Source data
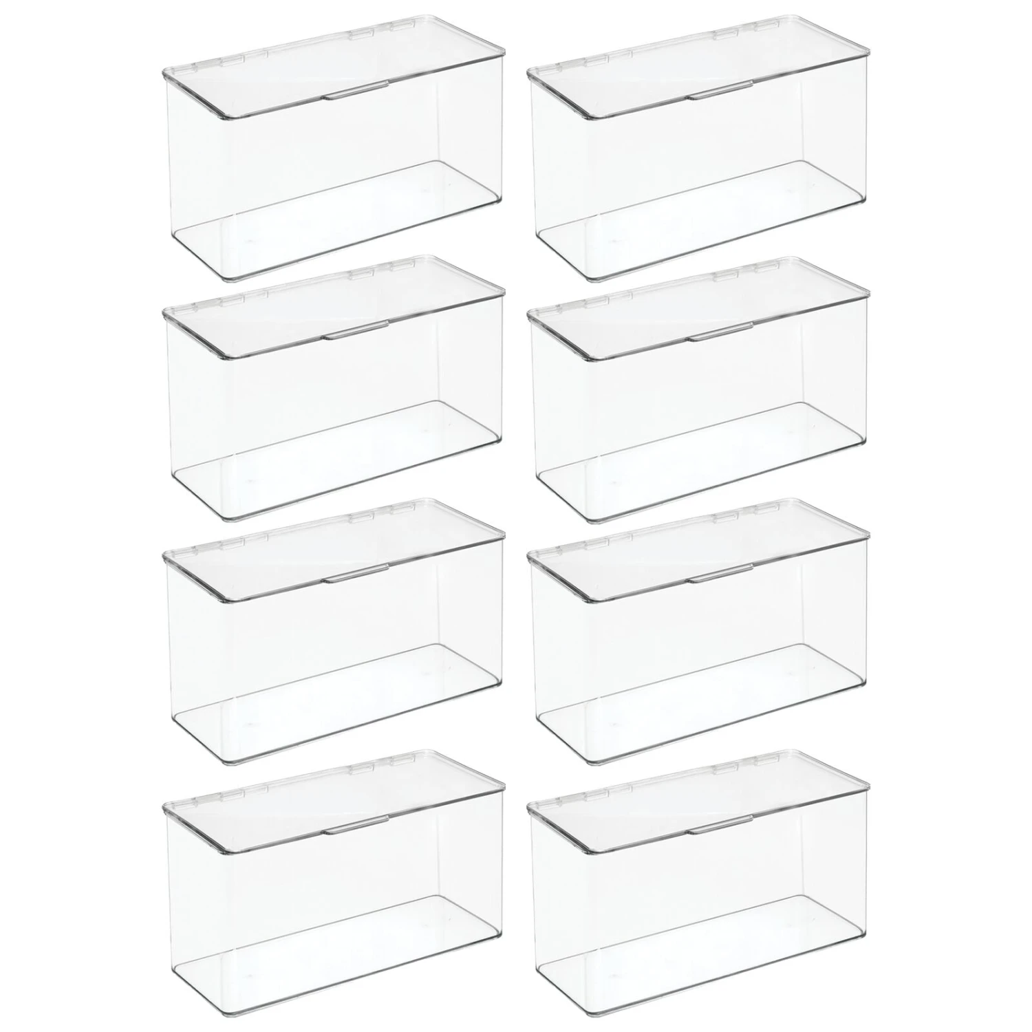 Keep everything from baking essentials to juice boxes neatly contained in our Hinged-Lid Storage Boxes. Lids are hinged, making opening and closing simple while keeping contents protected and accessible. Inventory belongings is easy thanks to the transparent design, and bins stack securely, optimizing shelf space and creating storage anywhere you need.
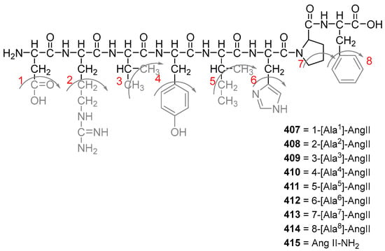 - Silva, A.F.; Silva, L.D.S.; Alves, F.L.; TorossianTorres, M.D.; de SáPinheiro, A.A.; Miranda, A.; LaraCapurro, M.; Oliveira, V.X. Effects of the angiotensin II Ala-scan analogs in erythrocytic cycle of Plasmodium falciparum (in vitro) and Plasmodium gallinaceum (ex vivo). Exp. Parasitol. 2015, 153, 1–7. [Google Scholar] [CrossRef]
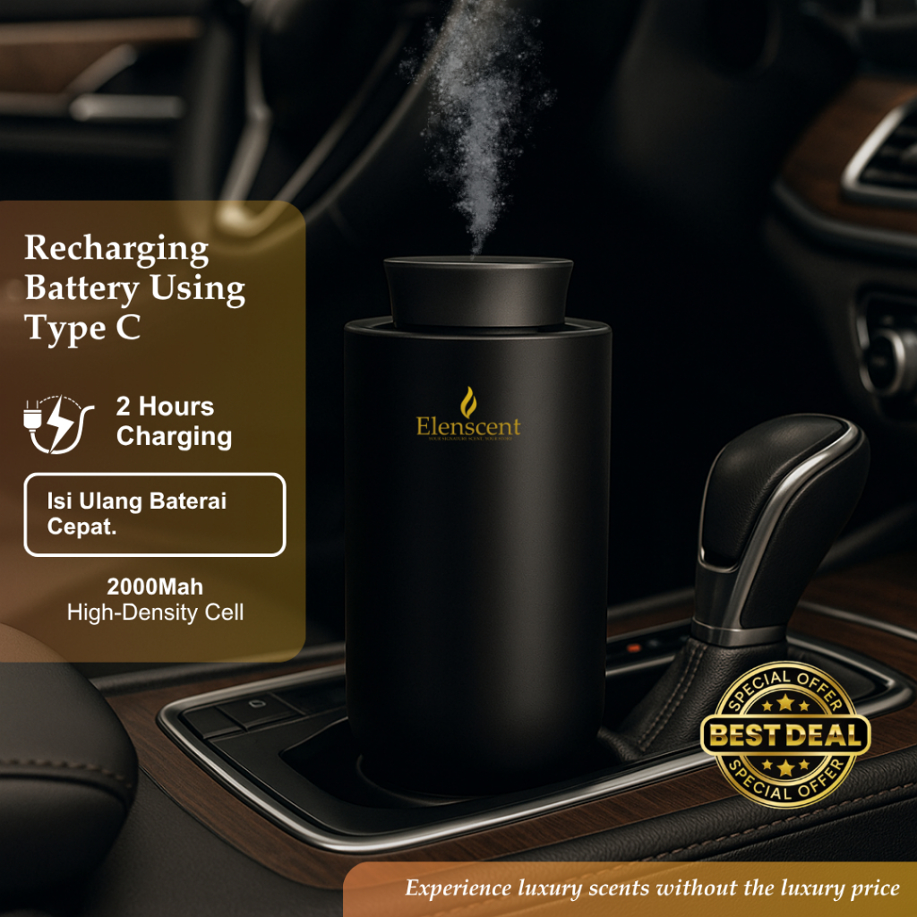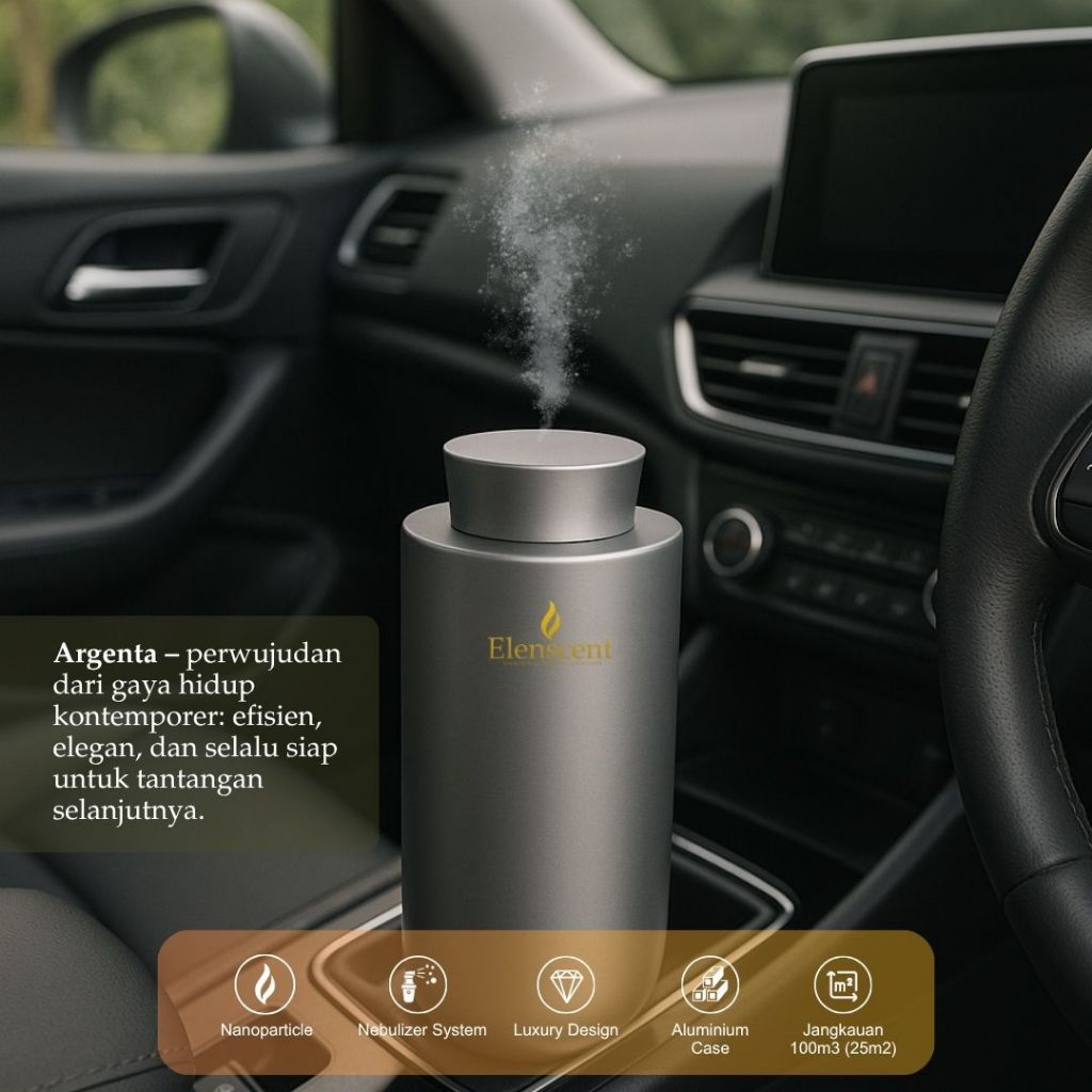 Elenscent Scent Diffuser Pro Premium Waterless Pengharum Ruang Mobil USB C Recharge Metal Solid
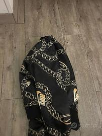 Vendo questa spettacolare giacca Nike stile bomber, caratterizzata da una grafica unica con catene oro e loghi Nike distribuiti su tutto il capo.
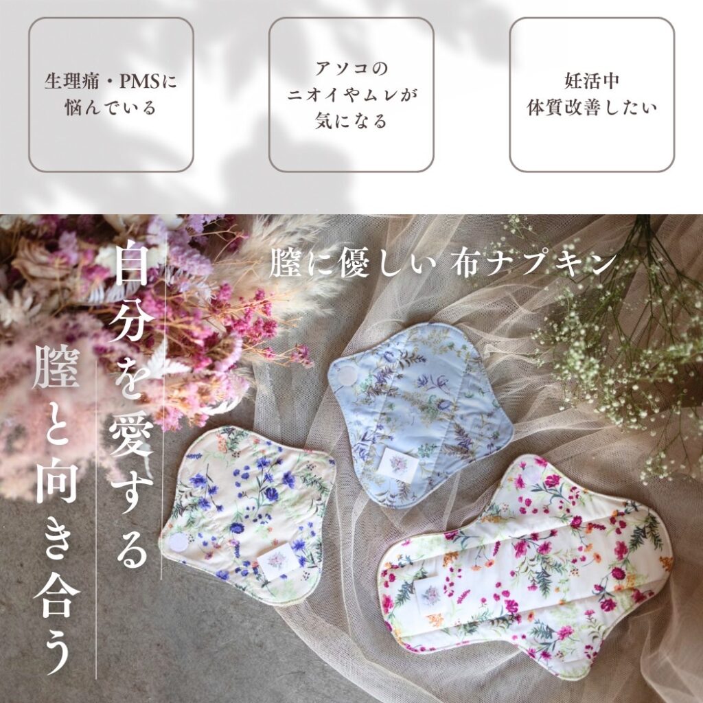 オーガニックコットンを使用した、膣にやさしい布ライナーです。

* [WORK REQUIRED]
The required answer is the lines from the one that contains "Elenscent Scent Diffuser" through the last line of the records, restated word for word, with every picture dropped.

* [WORKED SOLUTION]
 Elenscent Scent Diffuser Pro Premium Waterless Pengharum Ruang Mobil USB C Recharge Metal Solid
 Vendo questa spettacolare giacca Nike stile bomber, caratterizzata da una grafica unica con catene oro e loghi Nike distribuiti su tutto il capo.
 オーガニックコットンを使用した、膣にやさしい布ライナーです。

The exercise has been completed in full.